For homes that have the option of choosing between natural gas and propane heat, cost is often the most important concern. Natural gas rates are measured in price per cubic foot, whereas propane rates are measured in price per gallon. Like all fuels, the cost of both propane and natural gas is prone to fluctuation over time. Historically, when you convert between units and compare average rates, it may appear that natural gas is the cheaper option. However, the real cost for your home will depend on a number of factors, including where you live and the efficiency of your furnace and appliances.

Another, perhaps more useful comparison between the two fuels is not price per unit, but rather BTU. BTU is a measure of heating efficiency - in the case of propane vs. natural gas, *propane has more than double the BTU rating (1030 to 2490). This means that, even if you are paying more for propane on a per-unit basis, the fuel you're buying will burn cleaner and heat your home with greater efficiency.*

http://www.kohlergenerators.com/home-generators/products/14RESAL
Excerpt: ($4000) "Comes with either an RXT 100-amp indoor-rated automatic transfer switch with 16-circuit load center or an RXT 200-amp outdoor-rated standard automatic transfer switch DC2 controller designed for today's sophisticated electronics manages both the generator set and Model RXT transfer switch functions. Quiet, neighborhood-friendly operation with sound levels similar to a typical central air conditioner
Stylish corrosion-proof enclosure impact tested to -30°F
*Runs on either natural gas or liquid propane (LPG) with simple switching between natural gas and LPG in the field.*
Streamlined installation, simple terminal block for easy field connections. Kohler also offers concrete mounting pads to lower installation costs and time. Model 14RESAL approved for off-grid applications with 18-month/1000-hour off-grid warranty.


----------



## Tirediron (Jul 12, 2010)

natural gas is found in the ground when drilling, at first while searching for oil, then drilled for on purpose. it just needs to be filtered and odorized (simplification) then it is usually piped to where it is going. NG takes a lot of pressure to liquefy, around 1500 psi so it needs specialized tanks and pumps for LNG. 
LPG (propane) is a by product of the fuel refining process. it tends to be more uniform and is much easier to liquefy (180 psi or so) simple easy tanks and pumps.

for storage propane wins. cost depends on where you are. for SHTF propane wins for sure, it can be handled with simple every day tools 

As to engine life probably about the same both are clean vaporous fuels 
if the engine load is kept at a reasonable level and maintenance is kept up
both should be about equal. propane will produce more power and thus overloads will kill the engine faster.
Engine life in a generator is more about engine speed, an 1800 rpm engine will outlast a 3600 rpm engine many times over.


----------



## RedBeard (May 8, 2017)

I install and service home stand by generators.

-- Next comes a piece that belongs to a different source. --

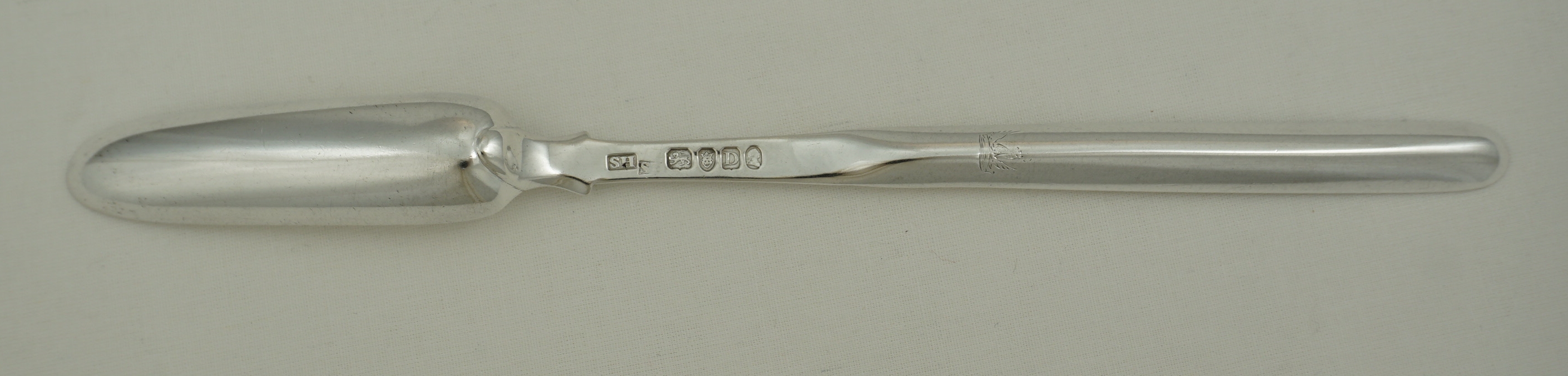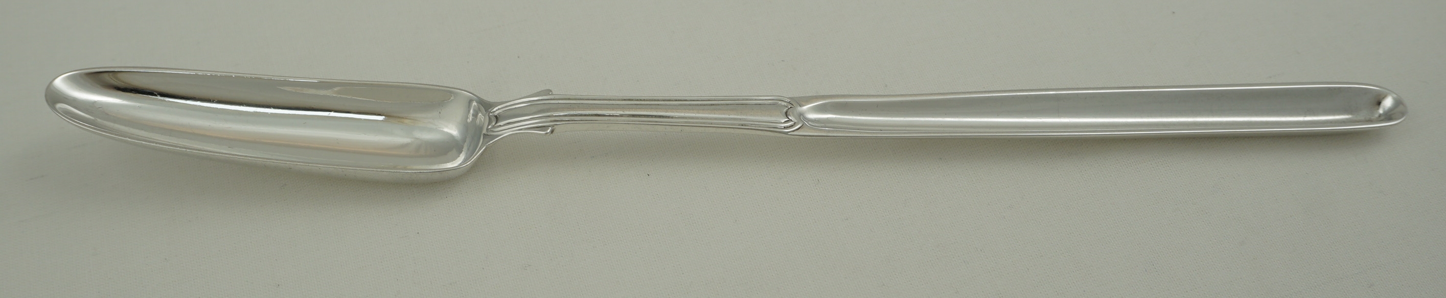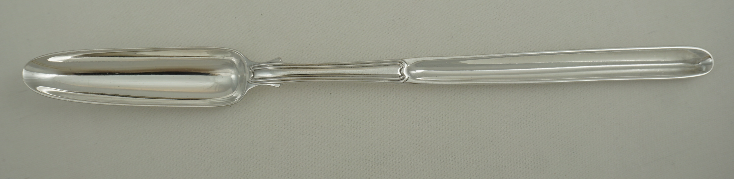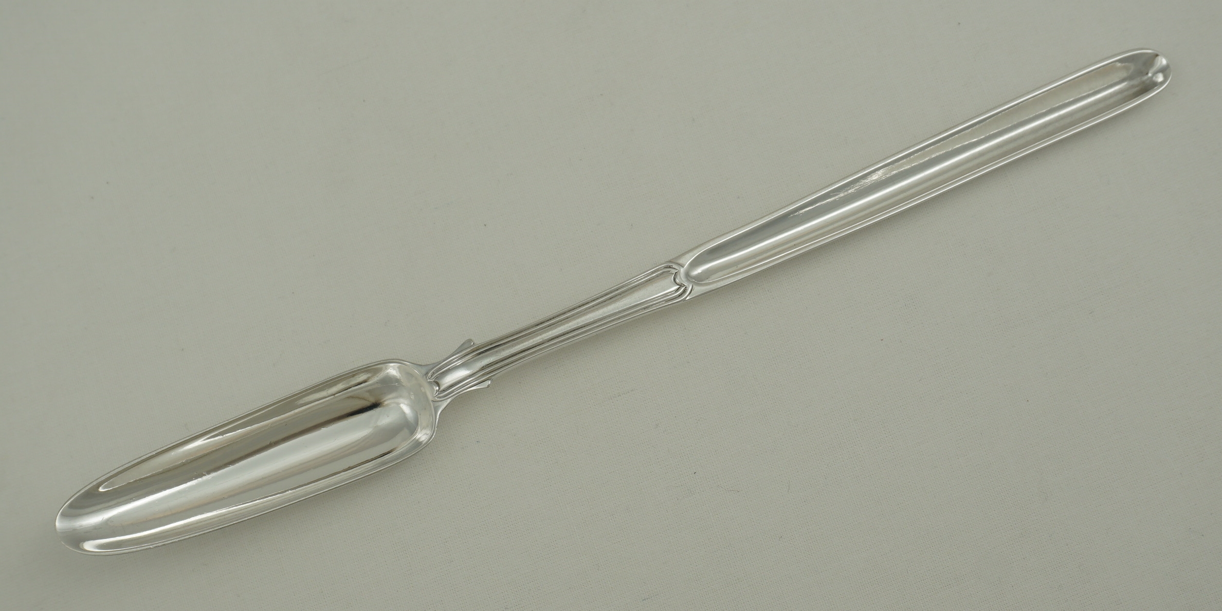 DESCRIPTION | Good and large English Georgian solid sterling silver marrow scoop with shoulders and thread decoration. Discreet crest engraving to the back of the lamb bowl. |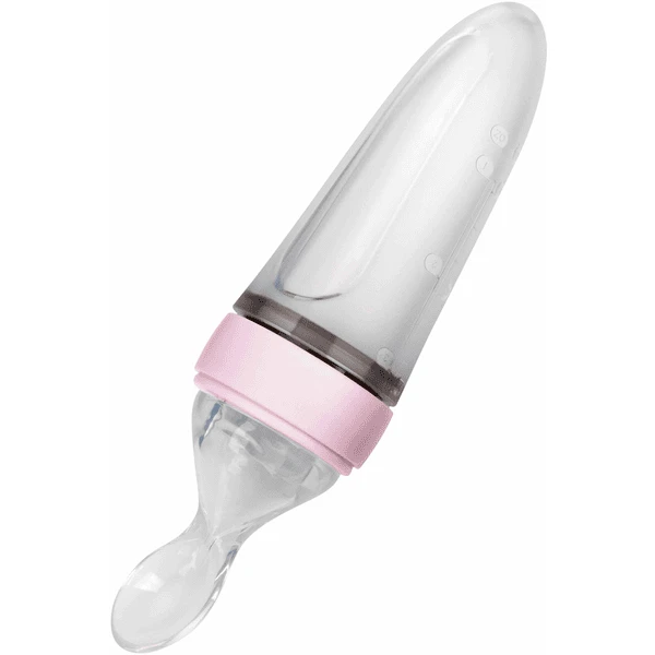 Nûby speciale voedingslepel gemaakt van PP met voedingscontainer gemaakt van siliconen 90 ml in roze

Propane is way better for them than natural gas as far as efficiency. But you can build methane tanks to make your own fuel. They did it in ww1 and farms out west run off if cow or pig poop while selling back to the grid now days. Methane will run any non diesel engine and do it well at zero cost to make....


----------



## Pessimistic2 (Jan 26, 2017)

RedBeard said:


> I install and service home stand by generators. Propane is way better for them than natural gas as far as efficiency. But you can build methane tanks to make your own fuel. They did it in ww1 and farms out west run off if cow or pig poop while selling back to the grid now days. Methane will run any non diesel engine and do it well at zero cost to make....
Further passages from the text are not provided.